Minister of Planning, Economic Development and International Cooperation Rania al-Mashat highlighted the growth during a weekly press briefing with Prime Minister Mostafa Madbouly, citing improvements in domestic and external demand, expanded production capacity and a more supportive industrial business environment, including targeted incentive policies. Key manufacturing industries, including vehicles, ready-made garments, chemicals, beverages, furniture and pharmaceuticals, posted double-digit growth ranging from 17 percent to 50 percent.

Mashat said the non-oil industrial sector’s growth is expected to continue, driven in part by plans to manufacture over 10 million mobile phones in 2025, compared to 3.3 million last year. Export-oriented industries also contributed to growth, with semi-finished goods exports up 8.4 percent in July and 34.1 percent in August and finished goods exports rising 2.8 percent and 2.4 percent over the same months. Specific sectors, including pharmaceuticals, sanitary paper, and ready-made garments, recorded significant export increases, reflecting the ability to convert production expansion into tangible export growth.

According to Mashat, the communications and IT sector’s growth was fueled by Egypt’s national strategy to transform the sector into a technology-driven, export-oriented industry, with digital infrastructure investments and faster internet speeds expanding service coverage.
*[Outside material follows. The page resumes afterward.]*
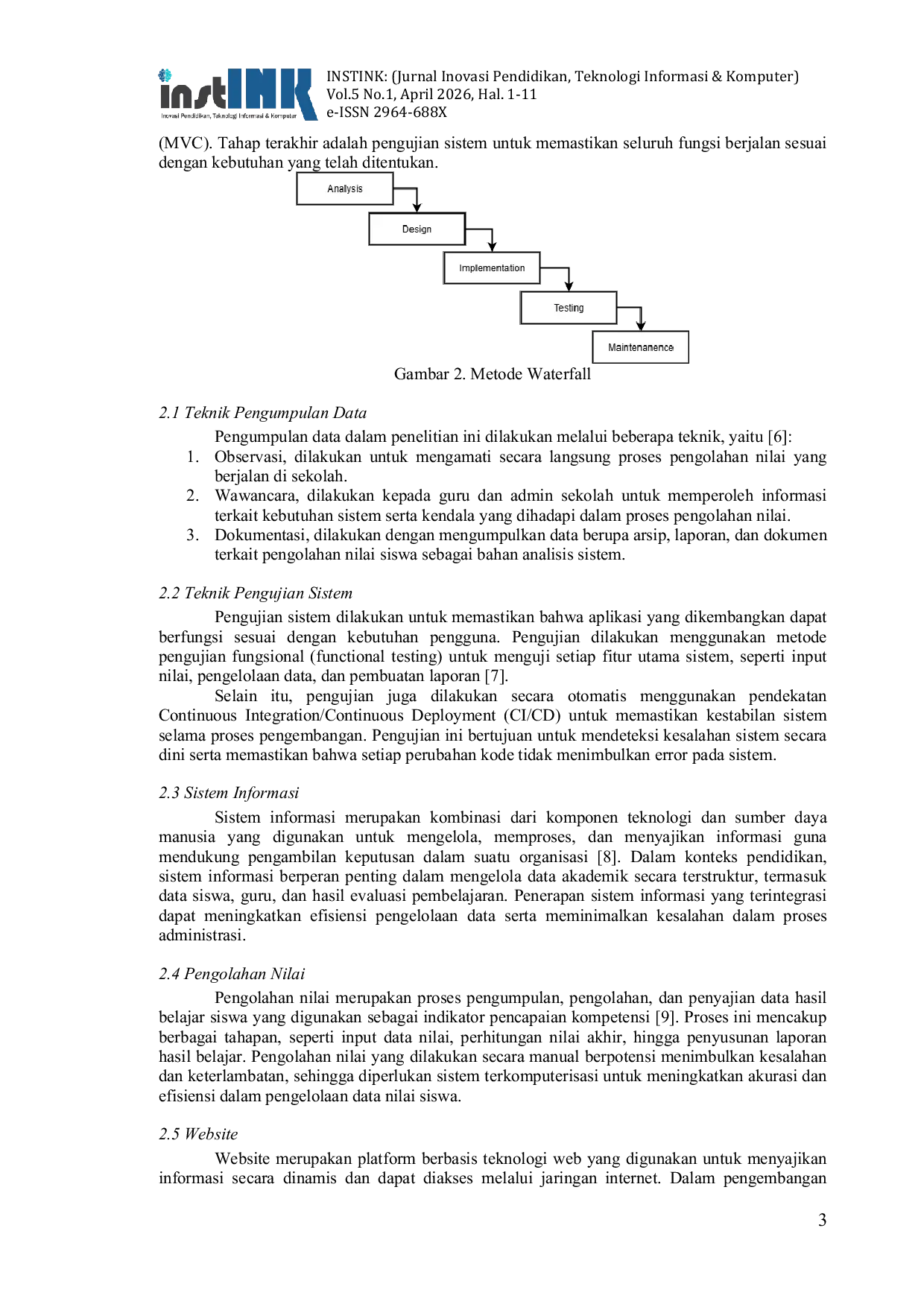Instink: Inovasi Pendidikan, Teknologi Informasi dan KomputerInstink: Inovasi Pendidikan, Teknologi Informasi dan KomputerPenelitian ini bertujuan untuk mengembangkan sistem informasi pengolahan nilai berbasis web guna meningkatkan efisiensi dan akurasi pengelolaan data akademik di MA NU Yosowinangun. Permasalahan utama yang dihadapi adalah proses pengolahan nilai yang masih dilakukan secara manual, sehingga berpotensi menimbulkan keterlambatan dan kesalahan dalam pelaporan hasil belajar siswa. Metode yang digunakan dalam penelitian ini adalah model Waterfall yang meliputi tahapan analisis kebutuhan, perancangan sistem, implementasi, dan pengujian. Sistem dikembangkan menggunakan framework Laravel dengan arsitektur Model-View-Controller (MVC) untuk mendukung pengelolaan data yang terstruktur dan aman. Hasil penelitian menunjukkan bahwa sistem yang dikembangkan mampu mengotomatisasi proses input, pengolahan, dan pelaporan nilai siswa secara terintegrasi. Pengujian sistem dilakukan melalui pengujian fungsional dan otomatisasi berbasis CI/CD yang menunjukkan bahwa seluruh fitur utama berjalan sesuai dengan kebutuhan sistem. Dengan demikian, sistem informasi yang dikembangkan dapat meningkatkan efektivitas pengelolaan nilai serta mendukung digitalisasi administrasi akademik di lingkungan sekolah.

She highlighted that Egypt received a regional leadership award from the Arab Organization for Communications and IT for progress in implementing IPv6.

Tourism, encompassing hotels and restaurants, grew 13.8 percent in Q1 2025-26, supported by improved services, transportation, marketing campaigns and adoption of AI technologies for tourist promotion, the minister said. Egypt maintained its top position as Africa’s leading tourist destination and rose six places globally in tourism performance rankings, she also said. Tourist nights increased to 58.7 million, and visitor numbers rose to 5.1 million, marking growth of 13.8 percent and 19.2 percent respectively compared to the same period last year, she added.

According to her, “other sectors also contributed to GDP growth. Suez Canal activity rebounded for the first time since 2023-24, increasing 8.6 percent as regional stability returned. The electricity sector grew 5.4 percent, reflecting higher consumption across commercial, residential, industrial and other sectors, supported by infrastructure expansion and renewable energy integration. Transport and logistics expanded 3.9 percent, construction rose 3.3 percent, and banking grew 10.2 percent, supported by sound macroeconomic policies. The insurance sector posted 8.9 percent growth, driven by financial inclusion, digital platforms, and expanded coverage. Oil and gas activity saw a relative slowdown but recent discoveries in the Mediterranean and Gulf of Suez are expected to increase output.”

“Private investment surged 25.9 percent in Q1 2025-26, representing around 66 percent of total investment, while credit to private businesses continued to recover. Structural reforms implemented between July 2024 and October 2025 included more than 350 measures across sectors such as startups, social programs, institutional efficiency, finance, regulation, strategy, digital transformation, incentives, transparency, industry and energy.”

Mashat concluded that preliminary economic indicators point to a projected GDP growth rate of at least 5 percent for fiscal year 2025-26, with potential for higher growth supported by macroeconomic stability, ongoing structural reforms, strong production activity and regional stability.